Since the tiarmclang compiler is derived from the LLVM project’s Clang compiler source base, much of the generic Clang online documentation is also applicable to the tiarmclang compiler. The latest version of the generic Clang documentation can be found here:

TI E2E Community - Where to Get Help

Post compiler related questions to the TI E2E design community forum and select the TI device being used.

The following is the top-level webpage for all of TI’s Code Generation Tools.

If submitting a defect report, please attach a scaled-down test case with command-line options and the compiler version number to allow us to reproduce the issue easily.

Defect Tracking Database

Compiler defect reports can be tracked at the new Development Tools bug database, SIR. SIR is a JIRA-based view into all public tools defects. The old SDOWP tracking database will be retired.

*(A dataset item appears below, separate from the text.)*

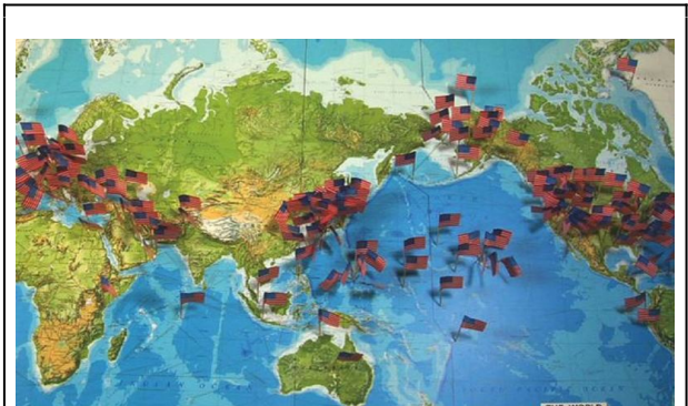
The empire of bases. A graphic from Living Along the Fenceline.

Two recent documentaries make excellent viewing for anyone interested in the history of American military bases overseas - and their ongoing ramifications. With an estimated 1,000 US military bases outside of the 50 states, the United States currently has the largest number of overseas military bases of any country in history. Why does the US need military bases in over 130 countries? Why do countries like Germany, Italy, Japan and South Korea still host hundreds of American military bases and thousands or tens of thousands of US soldiers, more than six decades after World War II? Why is the US still aggressively expanding into many new countries? Standing Army (72 min., 2010) is a far-reaching exploration of the ideological and geo-political answers to these questions. Living Along the Fenceline (67 min., 2011), though also international in scope, is a more narrowly focused film, answering a critical question: How do these bases affect local populations? Offering both global and personal perspectives, these two films are complementary and would work well together as tools to initiate dialogue and discussion on base issues and the role of American global military power.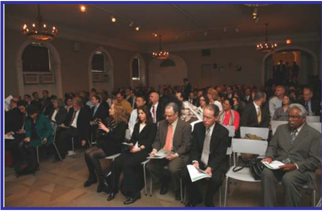
People in the auditorium during the award conferral ceremony

A my.ti.com account is required to access this page. To find an issue in SIR, enter your defect id in the top right search box once logged in. Alternatively, from the top red navigation bar, select “Issues” then “Search for Issues”.

To find an old SDOWP issue, place the SDOWP ID in the search box and use double quotes around the SDOWP ID.

What’s New

Support for Multiple Condition/Decision Coverage (MC/DC)

The tiarmclang 2.1.0.LTS release provides support for Modified Condition/Decision Coverage (MC/DC) on top of the existing Source-Based Code Coverage framework. MC/DC is an ISO26262 functional safety requirement for ASIL-D for compound boolean expression decisions to show that each condition in a decision independently affects the outcome of a decision. A condition is shown to affect a decision’s outcome independently by varying just that condition while holding fixed all other possible conditions.

For further information about support for Code Coverage, including details about how to use MC/DC support, please see: Code Coverage

Reduction of Code Coverage Instrumentation Footprint

The tiarmclang 2.1.0.LTS release provides two new code coverage related options that can help reduce the size of the instrumentation code and data that is added to an application build to enable computation and visualization of code coverage information.

Reduce Size of Profile Counter: -fprofile-counter-size=[64|32]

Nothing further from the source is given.